Chromatographic and DNA fingerprints of herbal medicines is the most potent identification and quality control tool for herbal drugs as well as valid method for classification of herbal medicine species. Chromatographic fingerprint is a chromatographic pattern of phytochemicals featured with integrity, sameness, fuzziness and difference to chemically represent chemical component in herbal formulation. The chromatographic fingerprint of herbal medicine, medicinal plants and its extracts represent grate number of components that are known, unknown, pharmacologically active or inactive and sometimes low in amount hence the concept of phytoequivalence is develop to ensure consistency in formulations. It’s a comparison of two chromatographic fingerprints. Nowadays the use of chromatographic fingerprint in combination with detection techniques is more sensitive tool for quality control of medicinal plants. Techniques involve: Liquid chromatography-mass spectrometry (LC-MS), Liquid chromatography-nuclear magnetic resonance (LC-NMR), Gas Chromatography-Mass Spectroscopy (GC-MS), Gas Chromatography-Fourier Transform Infrared spectrometry (GC-FTIR).

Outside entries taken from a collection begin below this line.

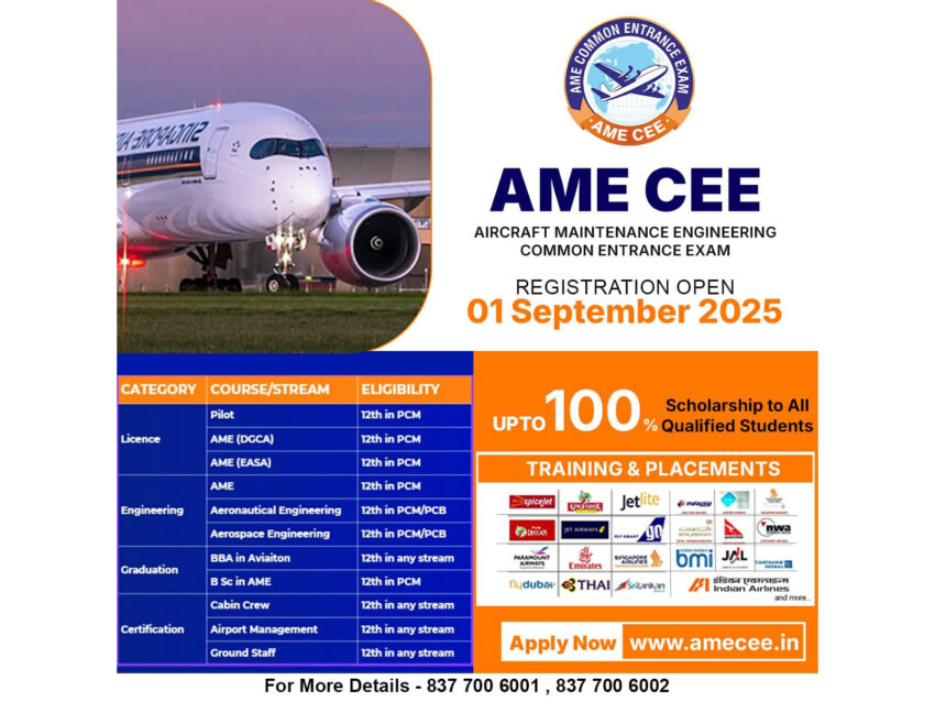 The AME CEE is a prestigious exam connecting candidates to top institutes with programs approved by DGCA, EASA, AICTE, and UGC. It offers exclusive scholarship opportunities and industry-aligned career guidance.
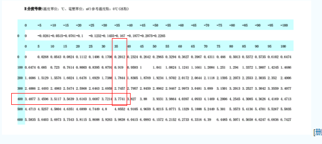 最左側背景(帶顏色)區域,找到400。第三行黛色區域找到35.   垂直對應位置的數值就是435°時,熱電偶輸出電壓。
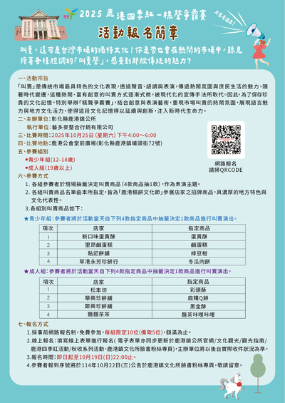 4、參賽者報到序號將於114年10月22日(三)公告於鹿港鎮文化所臉書粉絲專頁,敬請留意。
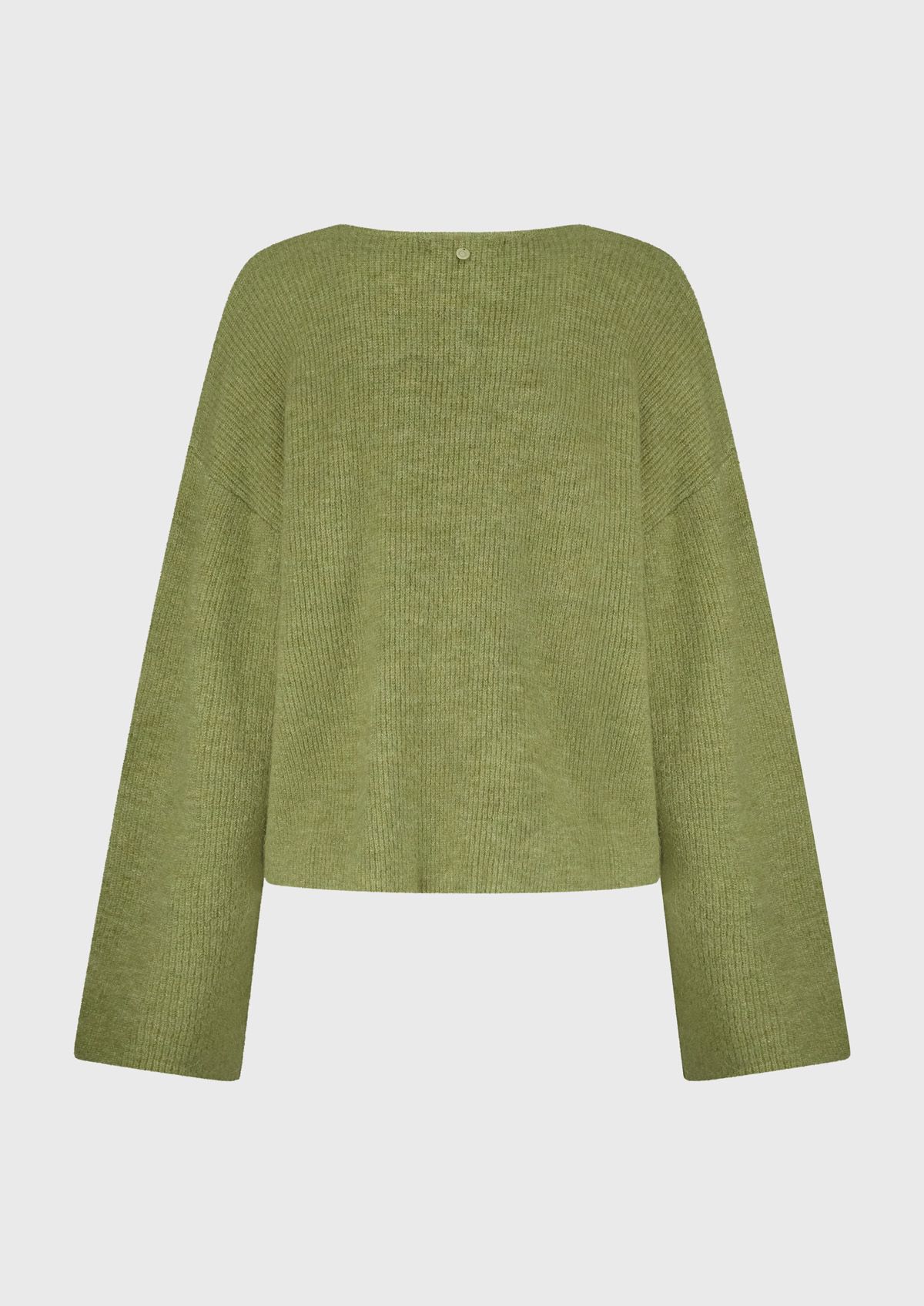 Gebreid dames vest gemaakt van een warme blend in een gemêleerde olijfgroene tint. De Kimberly cardigan heeft een regular fit met een knoopsluiting en wijde mouwen.
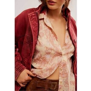 Free People Western Bohemian Dainty Rose Bud Button Down Blouse Shirt Large
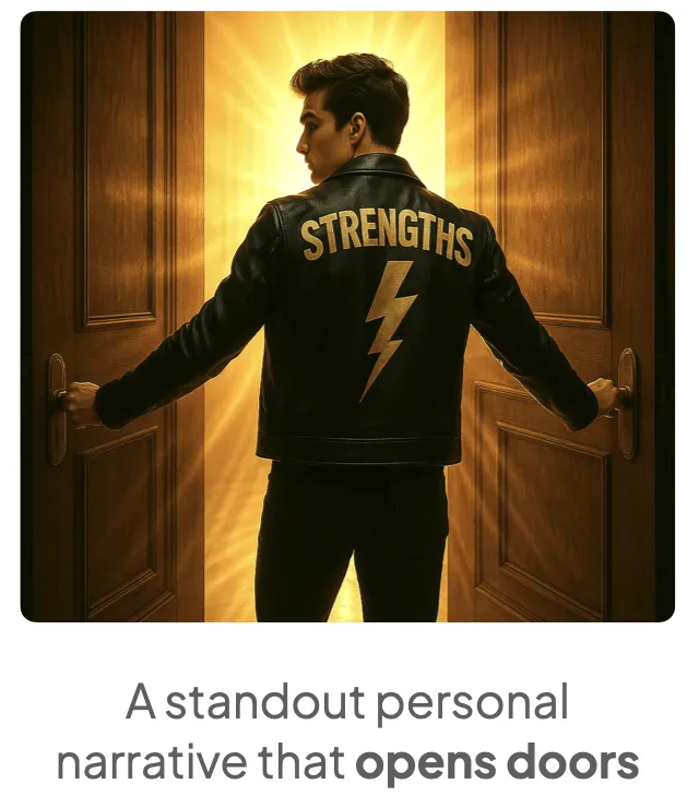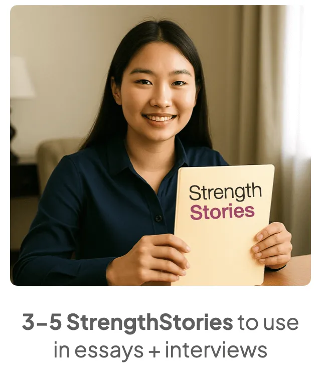 In today’s competitive landscape, high scores alone aren’t enough. Students need a clear, personal narrative that helps them stand out and be remembered. StrengthsStories give your child a way to connect the dots between their achievements, their character, and their future direction — in a way that feels authentic and compelling.
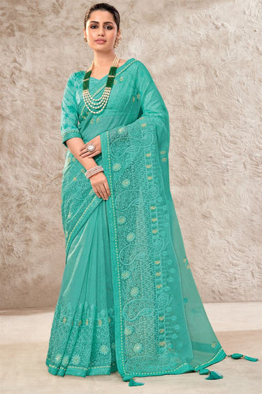 Sea Green Color Party Style Organza Fabric Charismatic Saree
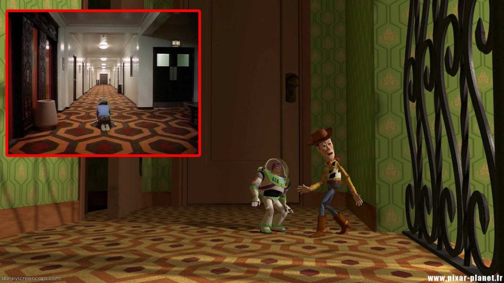 Há uma quantidade surpreendente de referências ao filme de terror " O Iluminado" dentro do filme favorito de todos sobre brinquedos falantes. Além desta imagem assustadora que mostra desenhos de carpete semelhantes, o número 237 também é representado várias vezes em Toy Story . Esse é o mesmo número do quarto mais assombrado do Overlook Hotel.
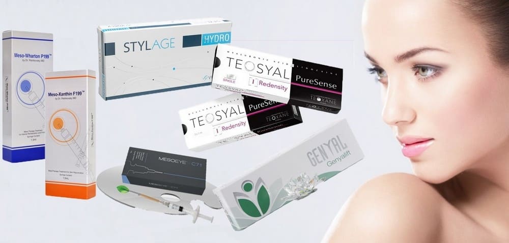 - Viscoderm – 0,8 %, 1,6 %, 2 % (Италия). Содержит синтетическую нестабилизированную кислоту, хлорид и фосфат натрия, дистиллированную воду. Благодаря широко представленной линейке подходит для решения различного рода проблем и введения в разные слои дермы.
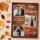 Modern Fun Calligraphy Script Happy Thanksgiving 3 Photo Collage Holiday Postcard includes Orange Plaid Craft Tape and Watercolor Vintage Red Truck with Pumpkins. Rustic Country Wood.
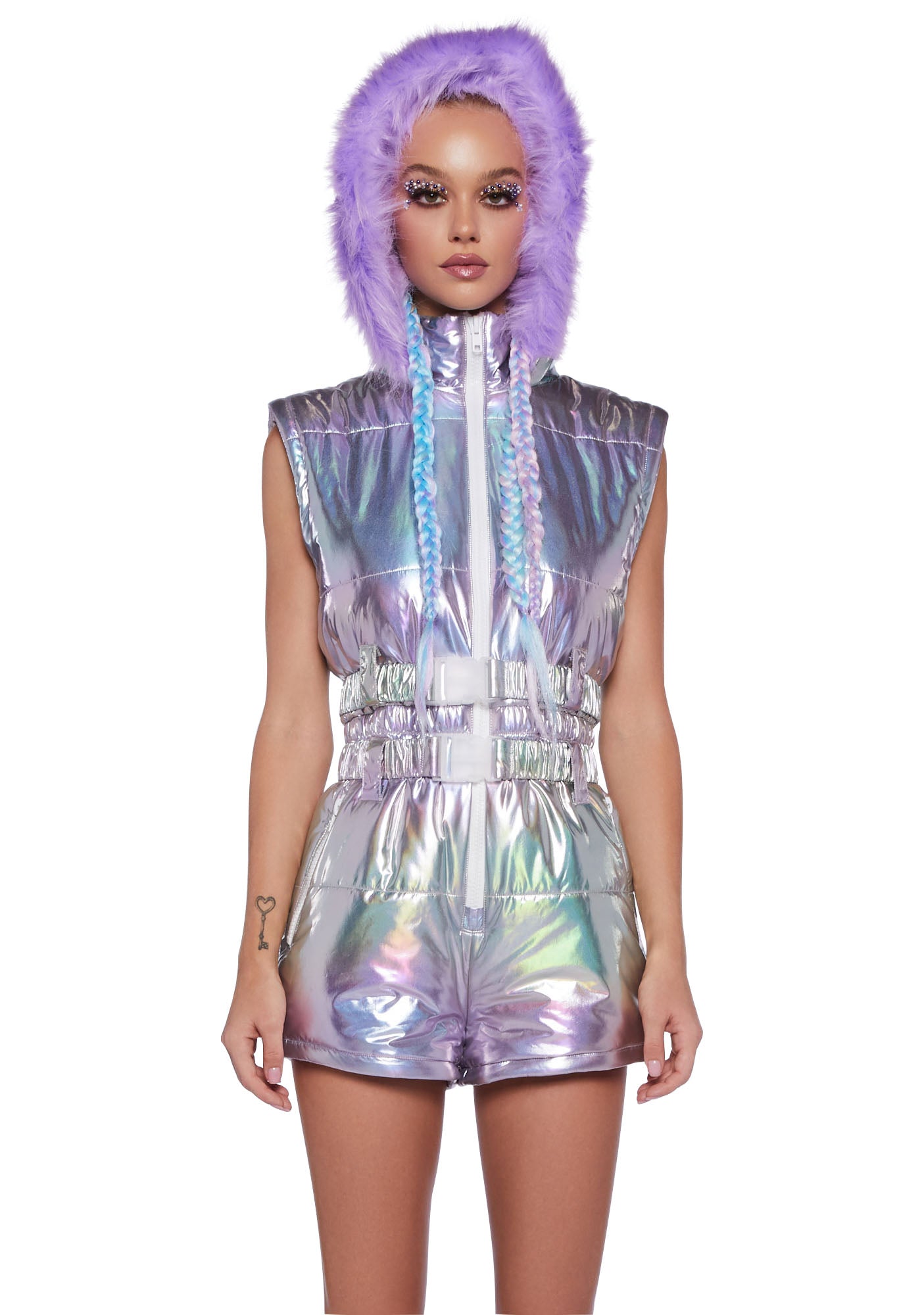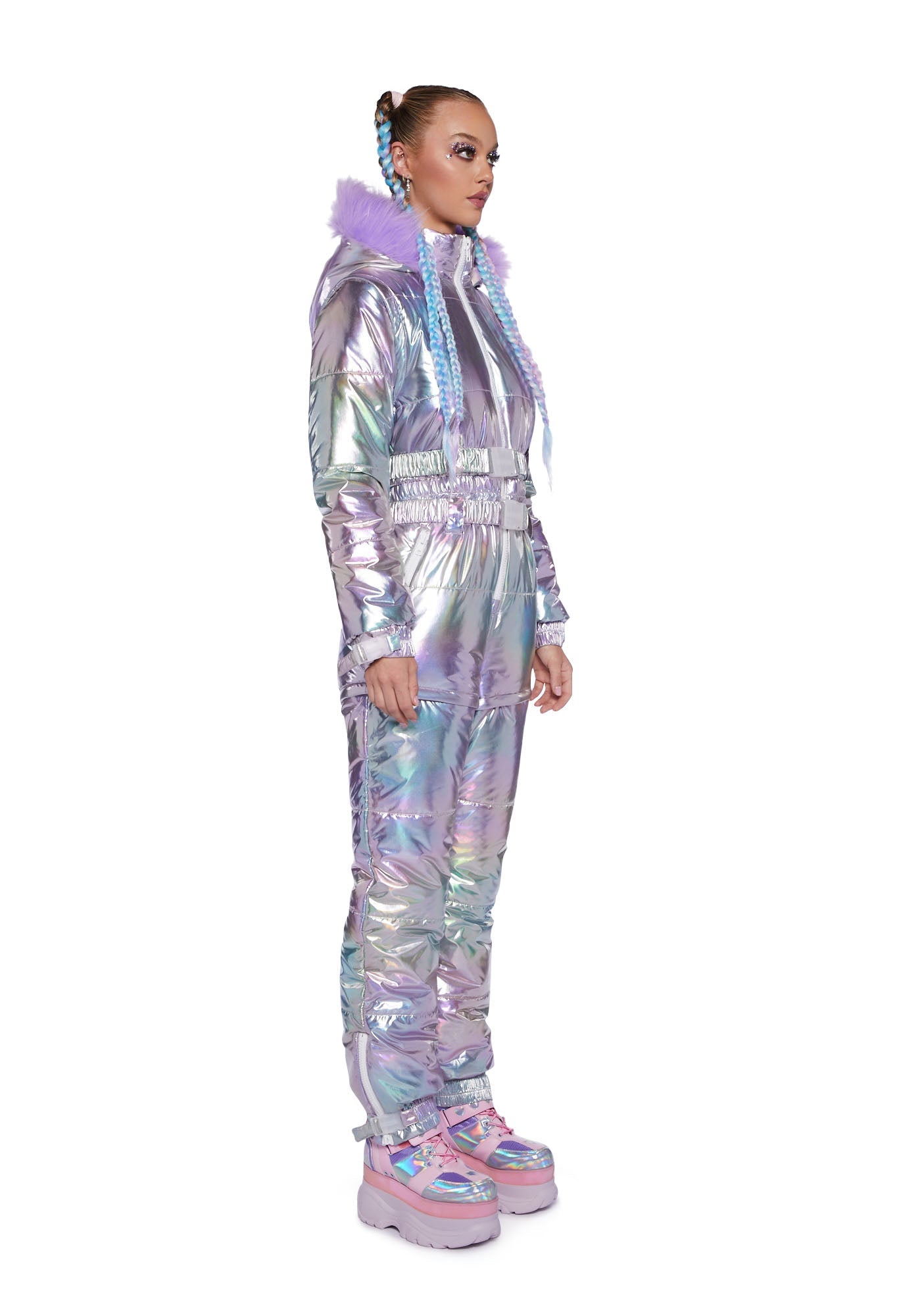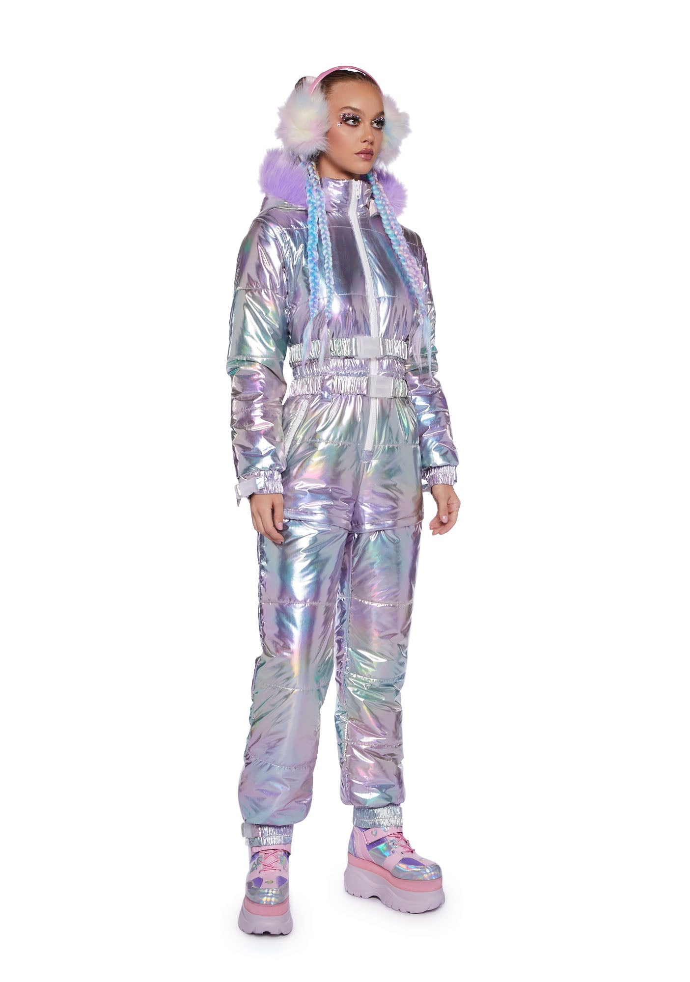 cuz the northern lightz don't shine as bright as you! This snowsuit has a holographic construction, puffy, removable long sleeves with a zipper closure, elasticated ribbed cuffs with translucent buckle closures, zippered side pockets, removable pants with zippered closures, a hoodie with a faux fur trim, an elastic waist with clear buckle closures that are adjustable, pant legs with zipper detailing, elasticated cuffs, clear buckle closures, and a front zipper closure.
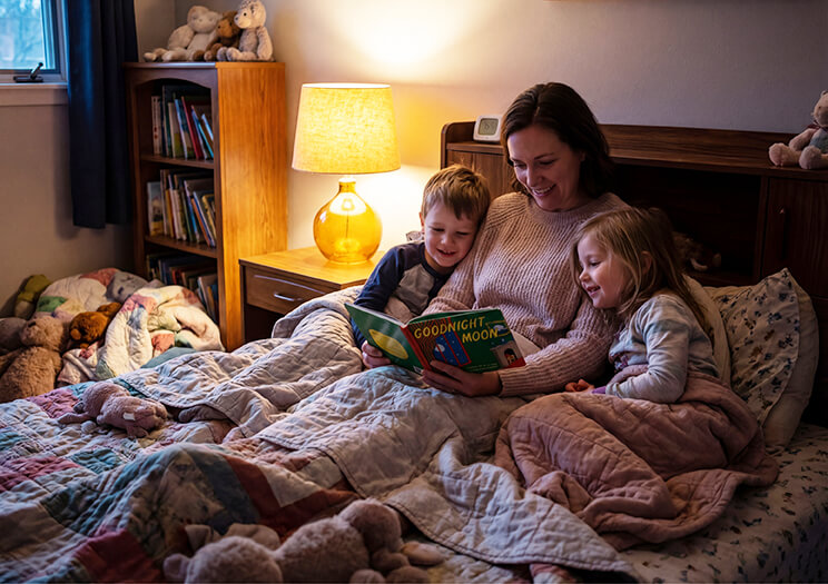 49. Mom reading bedtime story to children, soft warm bedroom light, realistic and heartwarming atmosphere
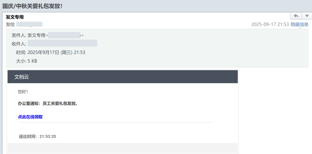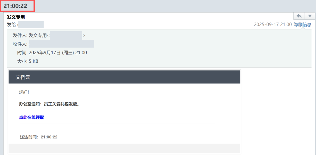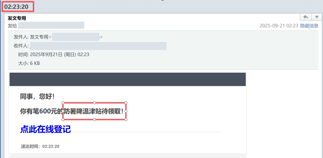 2、同时,攻击者升级规避手段,动态时间、自动回复等伪装技术广泛应用。邮件主题常嵌入实时发送时间,如 “【21:15:03】您的账号登录异常通知”,通过动态变化规避安全网关对固定主题的规则化拦截。更有甚者利用中毒邮箱开通自动回复功能,植入恶意程序后持续扩散,形成连锁攻击,大幅增加防控难度。传统特征检测引擎对此类高对抗攻击检出率不足,需结合智能意图识别与全链条行为分析提升防御能力。
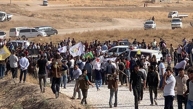 وردد المتظاهرون الذين تجمعوا على الحدود قرب رأس العين، هتافات: «يسقط الاحتلال، يسقط أردوغان»، وفق «العربية».
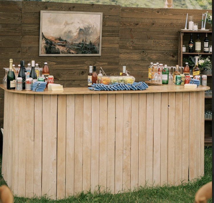 Description: Charming and versatile, this whitewash wood bar adds a rustic yet refined touch to any event, perfect for drink service and as a stylish focal point.
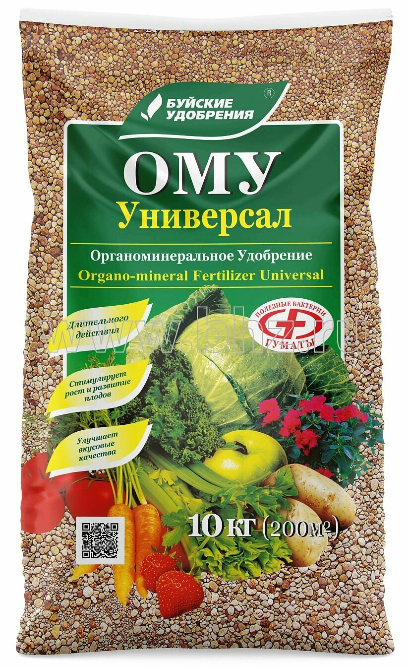 Комплексное гранулированное органоминеральное удобрение ОМУ Универсал от Буйских удобрений - это идеальное решение для всех любителей садоводства и огородничества. Удобрение представлено в упаковках по 10 кг, что делает его легко доступным и удобным в использовании. Общее количество - 20 кг, что позволяет обеспечить полноценное питание для различных культур. Это универсальное средство подходит для разнообразных растений, включая плодово-ягодные, овощные, цветочные, декоративные деревья и кустарники. С помощью данного удобрения вы сможете значительно повысить здоровье и урожайность ваших растений, так как оно содержит все необходимые элементы для их полноценного развития. Гранулированная форма обеспечивает равномерное распределение питательных веществ в почве, что является важным фактором для роста и цветения. Применение органоминерального удобрения позволяет улучшить структуру почвы и повысить её плодородие. Этот продукт также способствует активному развитию корневой системы, что является залогом крепкого роста растений. Удобство в использовании позволяет вам быстро и легко подкармливать ваши растения, чтобы они радовали вас обильным урожаем и ярким цветением. Удобрение подходит для применения на всех типах участков, будь то сад, огород или газон. Благодаря своей комплексной формуле, ОМУ Универсал идеально сбалансировано, что гарантирует растениям необходимые микроэлементы и придает им силу и здоровье. Не упустите возможность создать прекрасный сад или урожайный огород с помощью удобрения от Буйских удобрений. Комплексное гранулированное органоминеральное удобрение - это ваш верный помощник в достижении успеха в садоводстве, обеспечивая здоровье и декоративность ваших культур. Состав: N (%): 7; P2O5 (%): 7; K2O (%): 8; MgO (%): 1.5; S (%): 3.67 Микроэлементы: Cu-0.01; Zn-0.01; Fe-0.02; Mn-0.05; B-0.02 Гуминовые соединения: 11 Не содержит хлор (Cl). Полезные бактерии: Bacillus Subtilis – 700 тыс. КОЕ/г, Bacillus Mucilaginosus – 300 тыс. КОЕ/г 50-100 г на кв. м при внесении вразброс с последующей перекопкой почвы 10 г на литр грунта при приготовлении грунта для выращивания рассады 20-60 г при посадке локальное внесении в посадочную лунку ОМУ "Универсал" рекомендуется применять в качестве основного удобрения при подготовке почвы для выращивания полевых, садовых, огородных и декоративных культур, для выращивания рассады, а также декоративных кустарников. ОМУ - комплексное гранулированное удобрение пролонгированного действия, производится на основе низинного торфа, в состав которого входят гуминовые вещества, макро- и микроэлементы. ОМУ работает ранней весной, когда растениям необходима стимуляция роста, летом - в период активной вегетации и осенью, укрепляя растения на зиму благодаря его пролонгированному действию. В процессе производства ОМУ минеральные элементы питания закрепляются в органической грануле. Более подвижные азот и калий не вымываются поливными водами из гранулы, как это происходит с минеральными удобрениями, а фосфор не образует нерастворимых соединений в почвенном растворе. Органоминеральная гранула – это микрокладовая питательных элементов для растений. За счет этого коэффициент использования питательных элементов, содержащихся в ОМУ, в 1,5 раза выше по сравнению с минеральными удобрениями, где усваивается максимум 25–30% питательных веществ, в то время как

Such techniques provide structure of compound present in chromatogram. DNA analysis in standardization of herbal medicines is a important tool for detection of adulterants. It make use of DNA markers a short DNA sequence associated with particular gene. Molecular techniques used to evaluate plant genome include: Restriction Fragment Length Polymorphism (RFLP), Variable Number Tandem Repeats (VNTR), polymerase chain reaction (PCR), Randomly Amplified Polymorphic DNA ( RAPD) etc. Andrographis echioides (L) Nees is an annual herb found abundantly in India. Andrographis echiodies belongs to Acanthaceae family, used for various medicinal purposes. The phytochemistry evaluation of genus Andrographis reported to contain several phytochemical constituents such as glycosides, flavanoids, flavones, steroids, tannins, carbohydrate, glycosides and alkaloids. Andrographis echioides Ness is a one of the important herbaceous, used in the treatment of dyspepsia, influenza, malaria, goiter, liver diseases, fever, fertility problems, bacterial, helmintic, fungal, diarrhea, larvicidal disorders and respiratory infections, and also reported for their analgesic, anti-inflammatory and antipyretic activity, hepato-protective activity, anti-oxidant, immunomodulatory, cytotoxic activity and anti-microbial activities.